The following excerpt was in a story in the Thursday 22nd Wall Street Journal: "Yoshinoya D&C Co., Japan's largest chain serving sliced beef over a bowl of rice, is one of U.S. beef's most outspoken supporters. Days after last month's discovery of the sick cow in Washington state, the 1,200-outlet chain held a news conference declaring that almost all of its beef is American, and that it will continue serving U.S. beef in Japan. Beef from Australia or Japan just doesn't taste as good in its "beef bowls," which cost a modest $2.60 per helping, the company says. So if the import ban continues and its beef supply runs out -- probably in the next few weeks -- it says it will have no choice but to stop selling its flagship beef bowls altogether.
"Switching to non-American beef "would just end up damaging our brand," declares Hisashi Ikegami, managing director at Yoshinoya. Grain-fed cows from the U.S. create just the right marbling in beef that is suitable for the restaurant's special soy and ginger sauce, the company says.
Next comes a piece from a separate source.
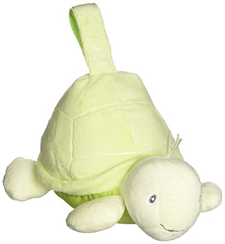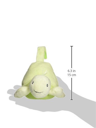 Green plush turtle plays calming ambient music for 30 minutes at the push of a button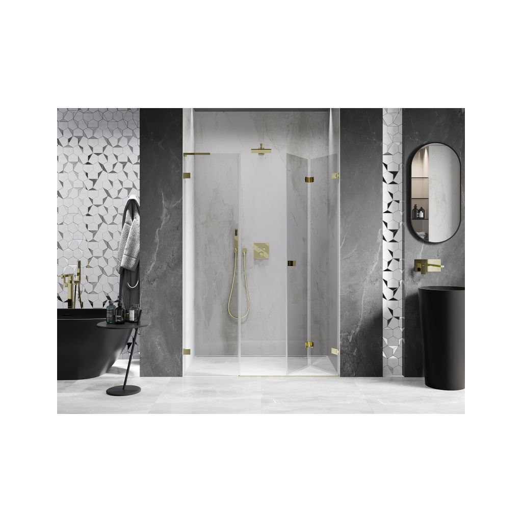 Több méretben kapható, stabil szerkezettel és harmonikaajtókkal rendelkezik. Az EasyClean felületű edzett üveg leegyszerűsíti a karbantartást, a fényes arany profil pedig modern fürdőszobákba illik.

While Australia has reported no cases of mad-cow disease, the company claims that grass-fed Australian cows have tougher meat that turns an unappetizing yellowish color when marinated in its sauce. The company serves U.S. beef in its 82 outlets in the U.S."
My relation to this story is that I eat at almost any Yoshinoya in sight in Tokyo if it is near lunch time. My favorite is next door to the Yoshinoya training center in Shinjuku.